EXERCISE GOAL: Only an exact copy is wanted: the lines from the one holding "Condiamo l’impasto lievitato" through the last line below, minus the pictures.

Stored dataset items
Content starts
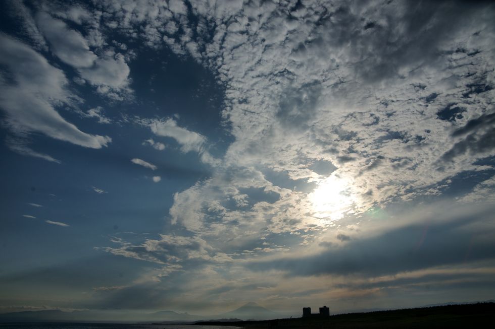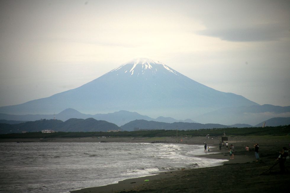 梅雨入り前の富士山と辻堂海岸天気予報が外れて綺麗な空になったのは午後も遅くなってから、富士山が何とか見えたが太陽が明るすぎて。 |
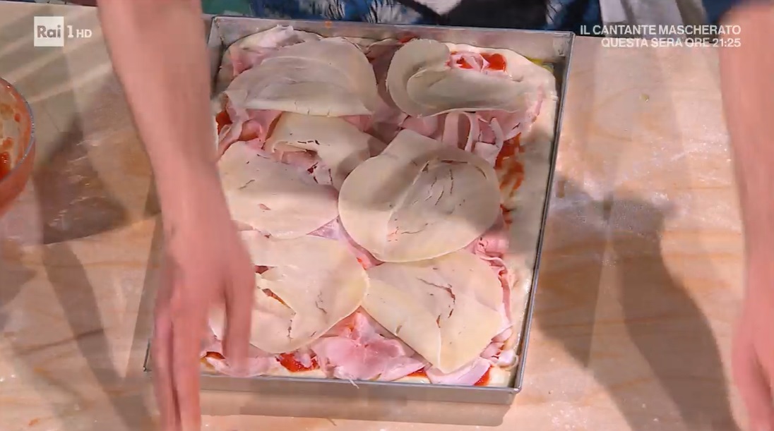Condiamo l’impasto lievitato e steso all’interno della teglia con pelati frantumati, prosciutto cotto affettato e caciocavallo a fette. Copriamo la farcitura con la pasta al burro. Spennelliamo con del burro a pomata ed adagiamo sopra l’altro rettangolo di sfoglia. Spennelliamo con l’uovo sbattuto e bucherelliamo con la forchetta. Lasciamo riposare ancora 45 minuti a temperatura ambiente. Cuociamo in forno caldo e statico a 220° per 20 minuti.
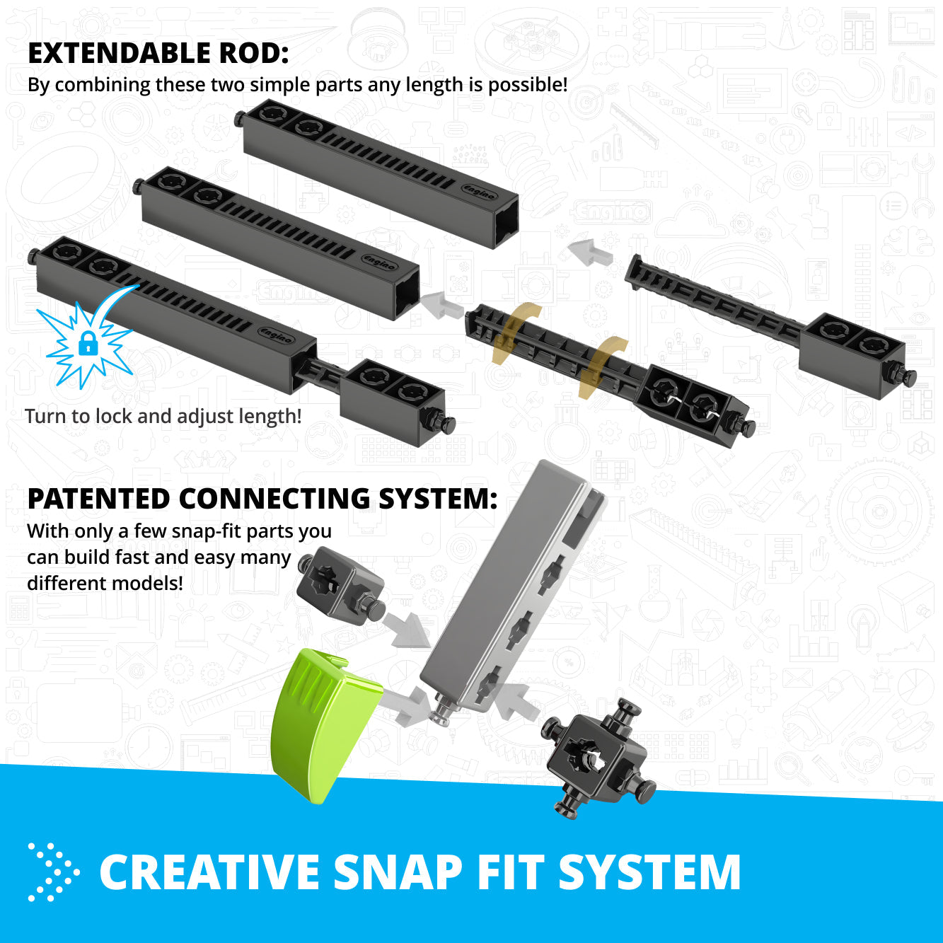 Score depends on the number of parts and connecting points The ENGINO building system has a patented design of the parts which allows connectivity of up to 6 sides simultaneously, while the unique extendable components lead to builds that were previously unthinkable, unleashing kids' creativity and imagination. Sets include printed step-by-step instructions for the main models, but also online through our kidCAD™ interactive app.
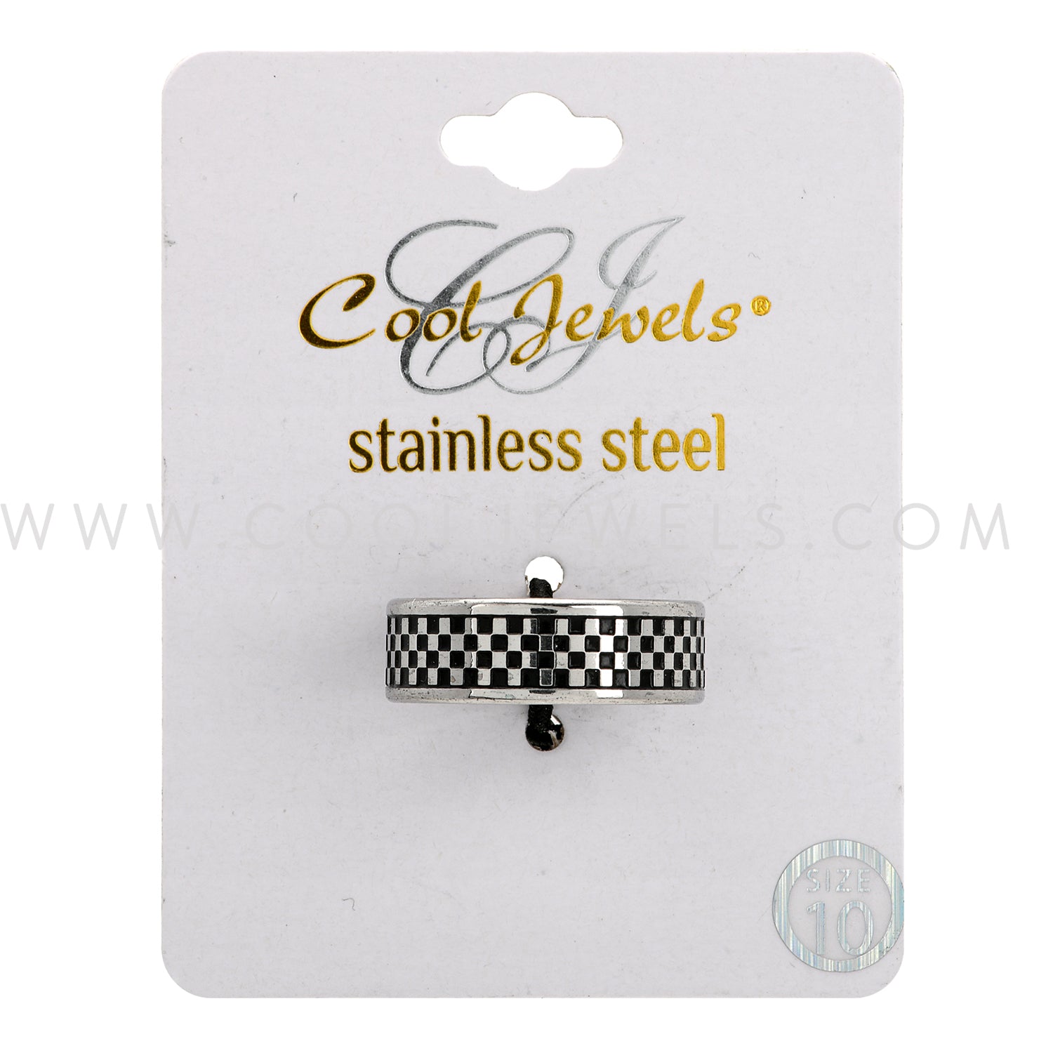 STAINLESS STEEL RING WITH CHECKER DESIGN ASSORTED - CARDED
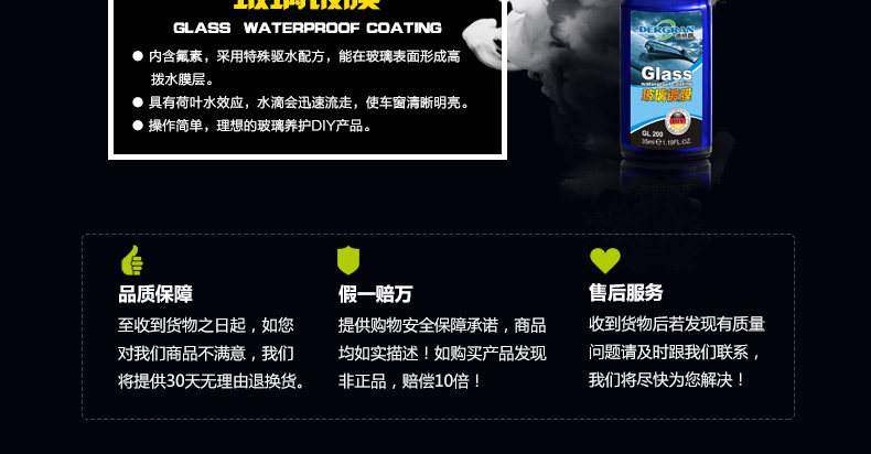 德格朗汽车玻璃镀膜防雨剂车用玻璃镀膜剂驱水剂除雨剂挡风后视镜
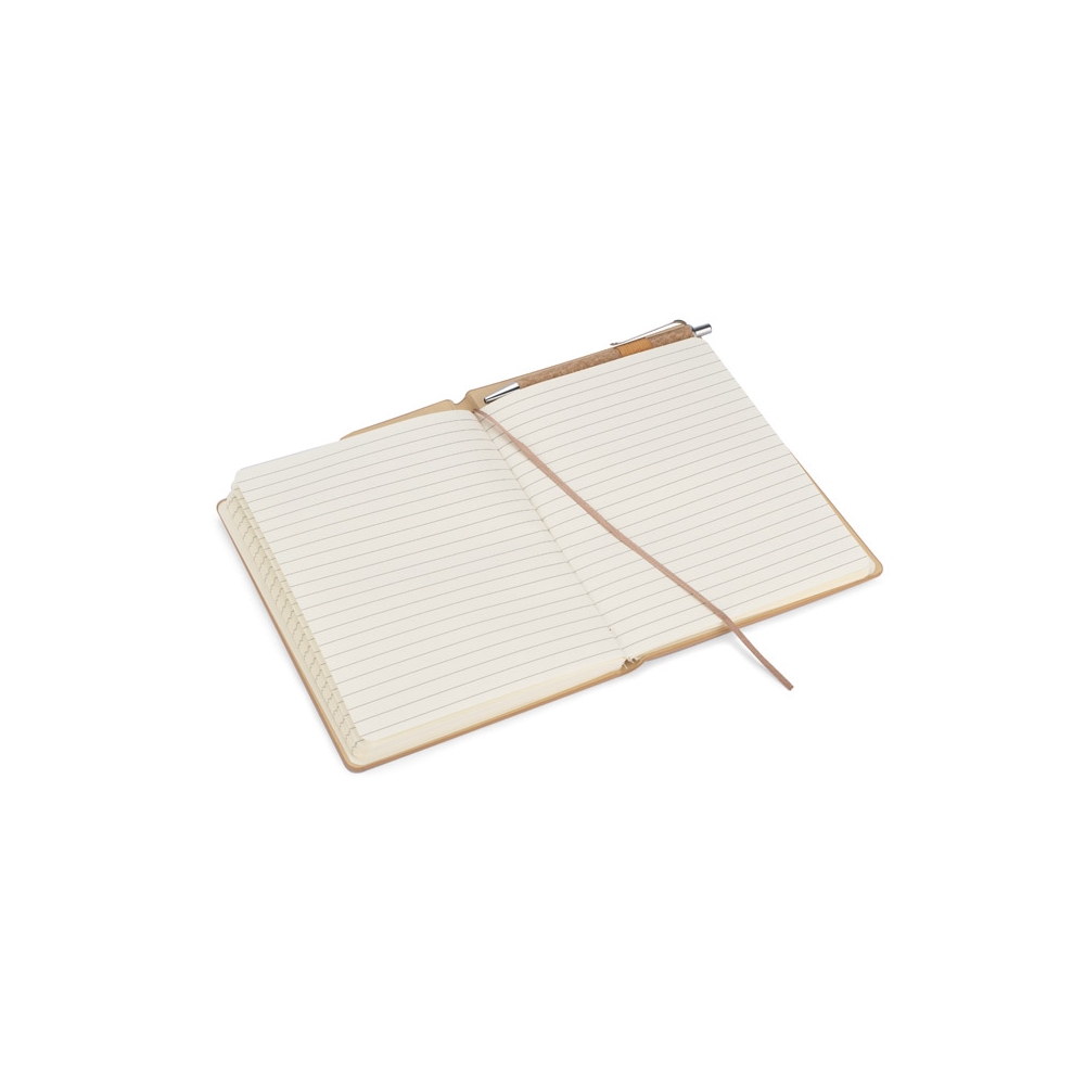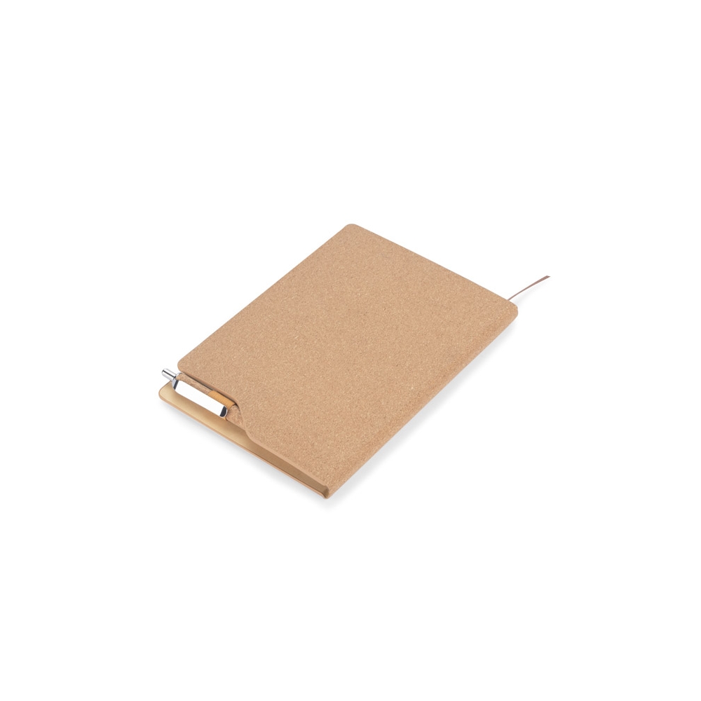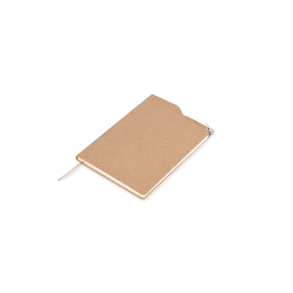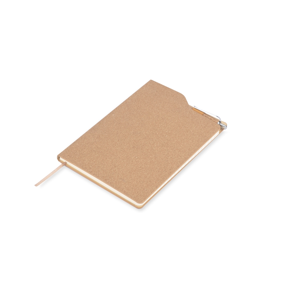 Artikel-Nr: ARD18009-17TESSO-Notizbuch in einem ökologischen Einband aus Naturkork. Das Notizbuch wird mit einem Stift mit blauer Mine geliefert. Auch der Körper des Stiftes besteht aus Kork, wodurch ein stimmiges Ganzes entsteht. Es wird an einer speziell profilierten Stelle platziert. A5-Notizbuchformat, 70 linierte Blätter.
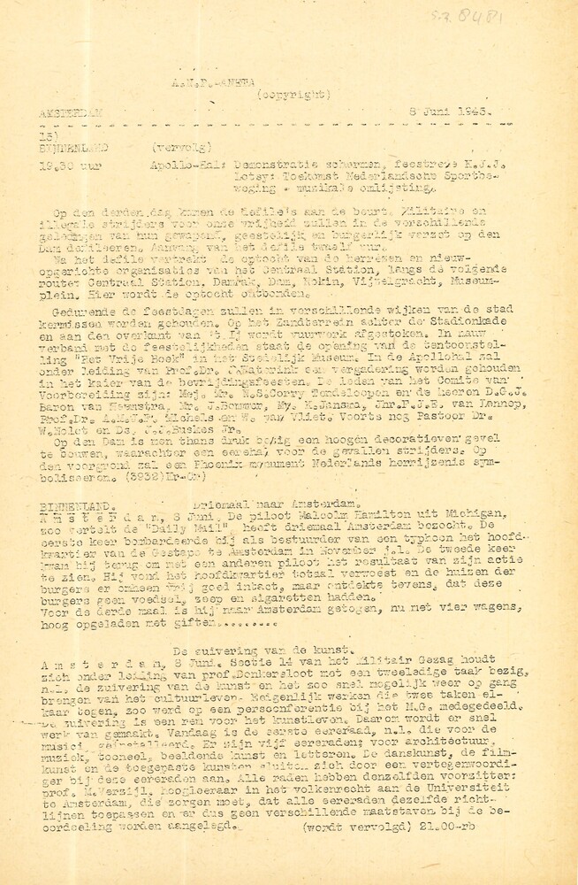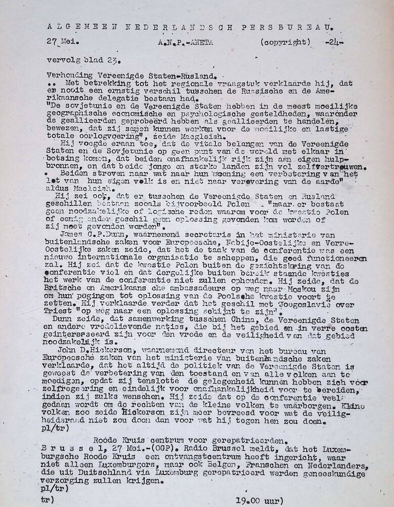 Algemeen Nederlandsch Persbureau, mededelingen, 27 m...
Content ends
EXERCISE RESPONSE:
Condiamo l’impasto lievitato e steso all’interno della teglia con pelati frantumati, prosciutto cotto affettato e caciocavallo a fette. Copriamo la farcitura con la pasta al burro. Spennelliamo con del burro a pomata ed adagiamo sopra l’altro rettangolo di sfoglia. Spennelliamo con l’uovo sbattuto e bucherelliamo con la forchetta. Lasciamo riposare ancora 45 minuti a temperatura ambiente. Cuociamo in forno caldo e statico a 220° per 20 minuti.
 Score depends on the number of parts and connecting points The ENGINO building system has a patented design of the parts which allows connectivity of up to 6 sides simultaneously, while the unique extendable components lead to builds that were previously unthinkable, unleashing kids' creativity and imagination. Sets include printed step-by-step instructions for the main models, but also online through our kidCAD™ interactive app.
 STAINLESS STEEL RING WITH CHECKER DESIGN ASSORTED - CARDED
 德格朗汽车玻璃镀膜防雨剂车用玻璃镀膜剂驱水剂除雨剂挡风后视镜
 Artikel-Nr: ARD18009-17TESSO-Notizbuch in einem ökologischen Einband aus Naturkork. Das Notizbuch wird mit einem Stift mit blauer Mine geliefert. Auch der Körper des Stiftes besteht aus Kork, wodurch ein stimmiges Ganzes entsteht. Es wird an einer speziell profilierten Stelle platziert. A5-Notizbuchformat, 70 linierte Blätter.
 Algemeen Nederlandsch Persbureau, mededelingen, 27 m...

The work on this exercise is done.